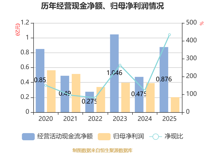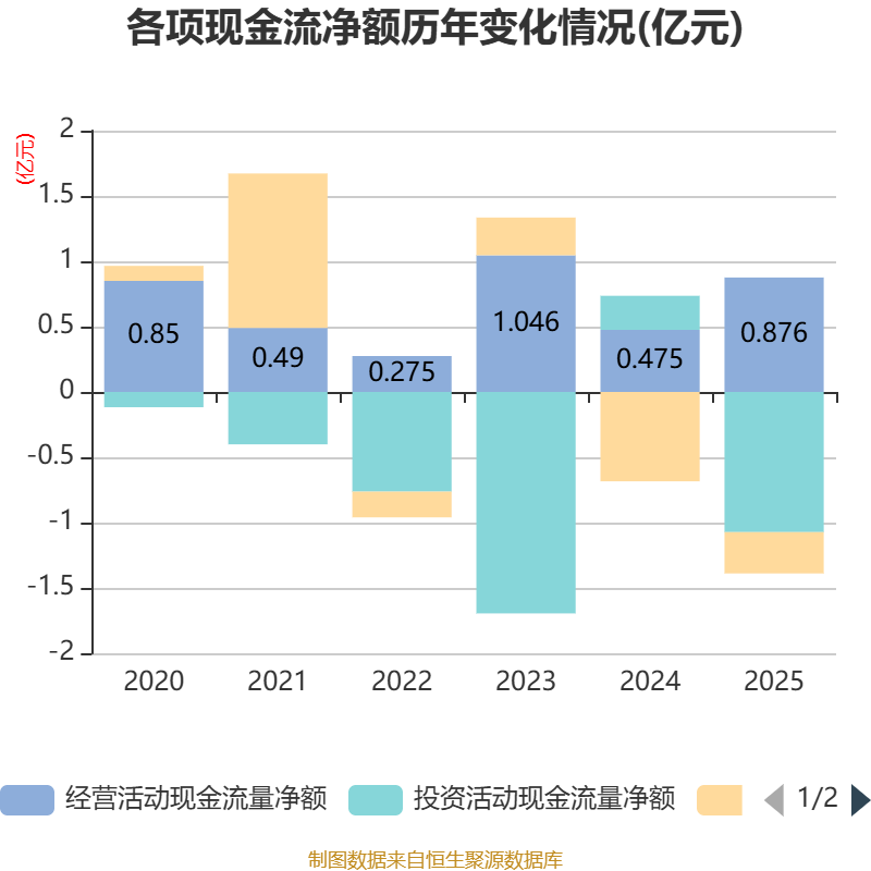 截至2025年,公司经营活动现金流净额为8755.56万元,同比增长84.27%;筹资活动现金流净额-3156.33万元,同比增加3685.87万元;投资活动现金流净额-1.07亿元,上年同期为2607.5万元。
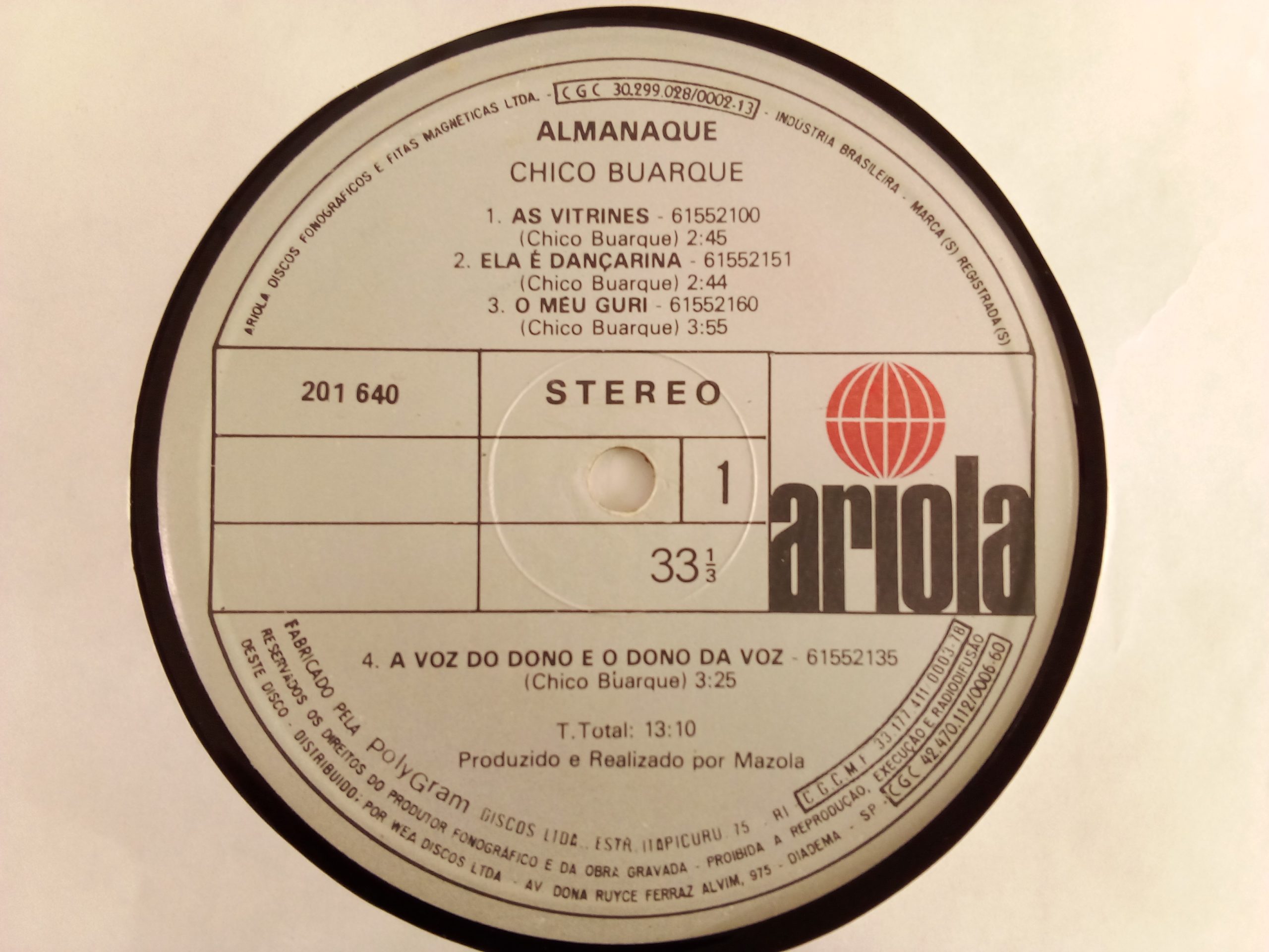 Registro: Ariola – 201640, Ariola – 201 640 / 1981, Brasil
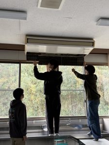 当日は、エアコンのフィルター掃除をはじめ、みんなで使用する学生玄関の床、外部講師控室の床、教室の床、トイレなど
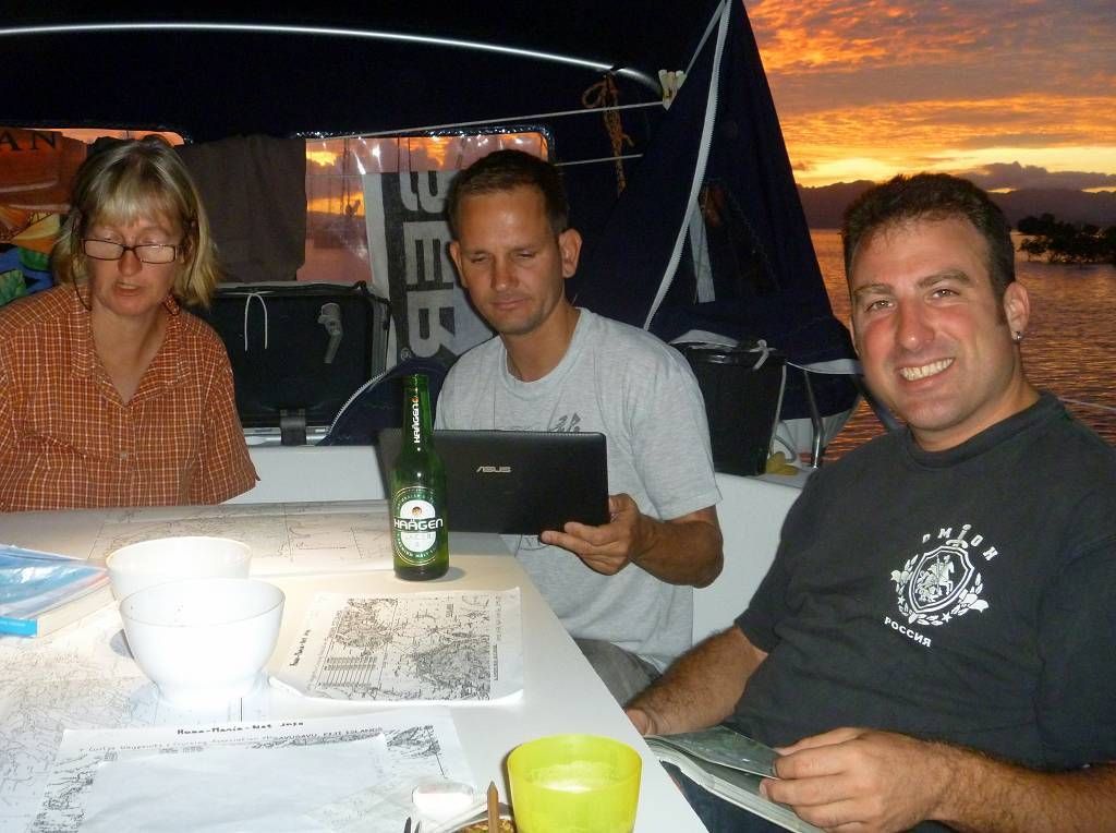 Oliver und Daniel versuchen unseren Wetterfax in Gang zu bringen. Diesen FURUNO-Wetterfax haben wir seit 8 Jahren (damals neu gekauft an der Interboot in Friedrichshafen). Und: er hat noch nie funktioniert! Daniel und Oliver sind beide gelernte Berufsleute in Sachen Elektro und Elektronik. Paul hat grosse Hoffnung, dass die beiden das Teil in Schwung bringen. Sie pröbeln geduldig unendlich lange an dem Ding herum, leider ohne Erfolg. Antje und Holger haben sich inzwischen verabschiedet. Um 20h30 kochen wir spontan Teigwaren mit Bolognese-Sauce und essen zu viert ein sehr spätes Nachtessen. Es ist wieder mal ein sehr gemütlicher Abend der bis 23h30 dauert.
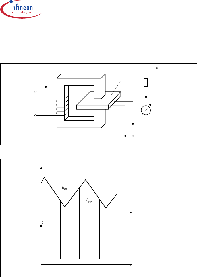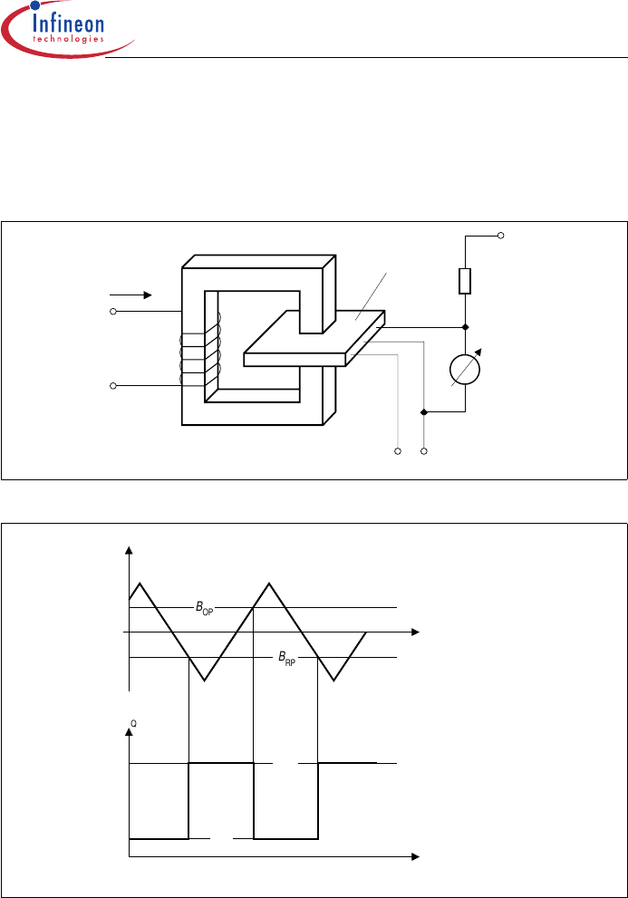 chip surface induces a voltage at the hall probe. This voltage is amplified and switches a Schmitt-
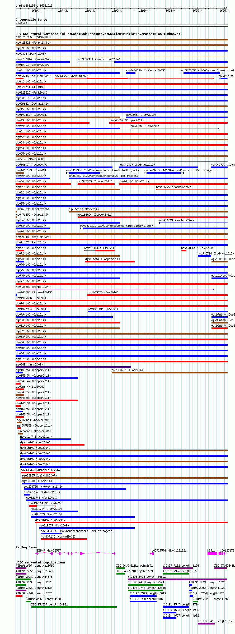 Variant DetailsVariant: essv99198 | Internal ID | 12615977 | | Landmark | | | Location Information | | | Cytoband | 1p36.13 | | Allele length | | Assembly | Allele length | | hg38 | 78654 | | hg19 | 78654 | | hg18 | 78654 | | hg17 | 78654 |

WORK REQUEST ::
In the answer, retype exactly and only the lines from the one holding "chip surface induces" through the end of the listing, keeping both ends and dropping every picture.

ANSWER SPACE ::
 chip surface induces a voltage at the hall probe. This voltage is amplified and switches a Schmitt-
 Variant DetailsVariant: essv99198 | Internal ID | 12615977 | | Landmark | | | Location Information | | | Cytoband | 1p36.13 | | Allele length | | Assembly | Allele length | | hg38 | 78654 | | hg19 | 78654 | | hg18 | 78654 | | hg17 | 78654 |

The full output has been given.